__THE DATA__:
----------------------------------------
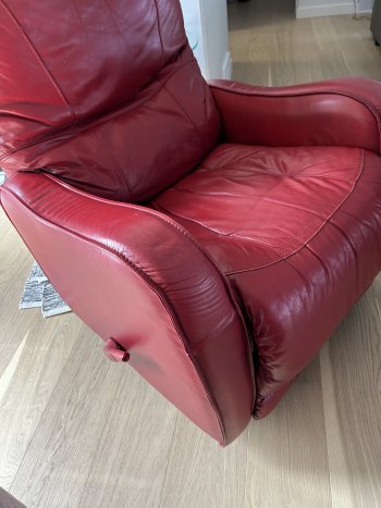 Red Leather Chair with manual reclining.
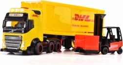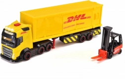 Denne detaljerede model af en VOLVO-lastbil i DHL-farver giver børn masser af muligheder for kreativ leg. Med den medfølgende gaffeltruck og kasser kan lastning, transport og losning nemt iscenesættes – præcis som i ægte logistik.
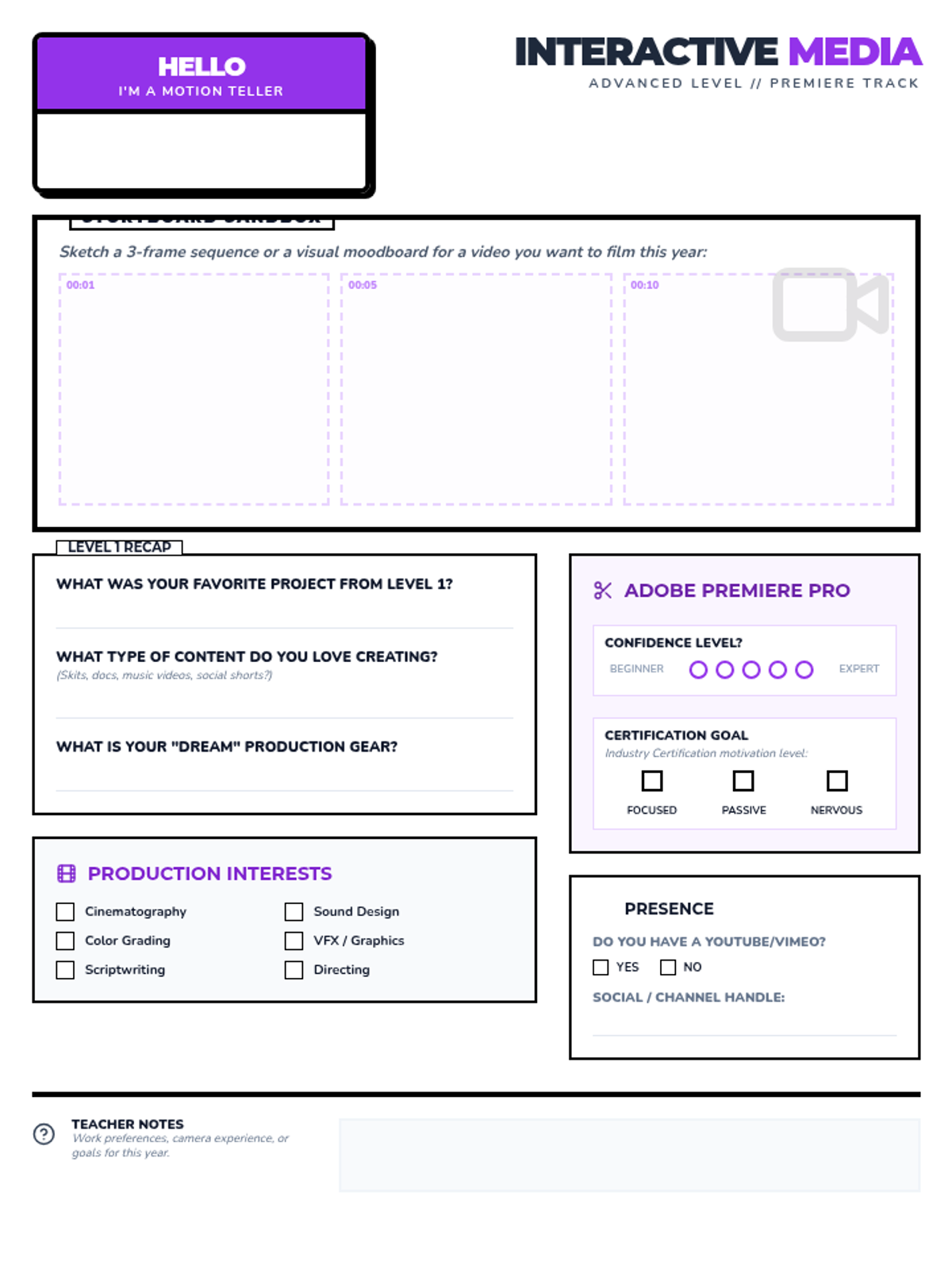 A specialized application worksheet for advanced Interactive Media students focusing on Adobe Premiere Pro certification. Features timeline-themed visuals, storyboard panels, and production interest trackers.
----------------------------------------
Write out exactly the lines above, from the very first through the line containing "Denne detaljerede model", both kept, with the pictures removed.

 Red Leather Chair with manual reclining.
 Denne detaljerede model af en VOLVO-lastbil i DHL-farver giver børn masser af muligheder for kreativ leg. Med den medfølgende gaffeltruck og kasser kan lastning, transport og losning nemt iscenesættes – præcis som i ægte logistik.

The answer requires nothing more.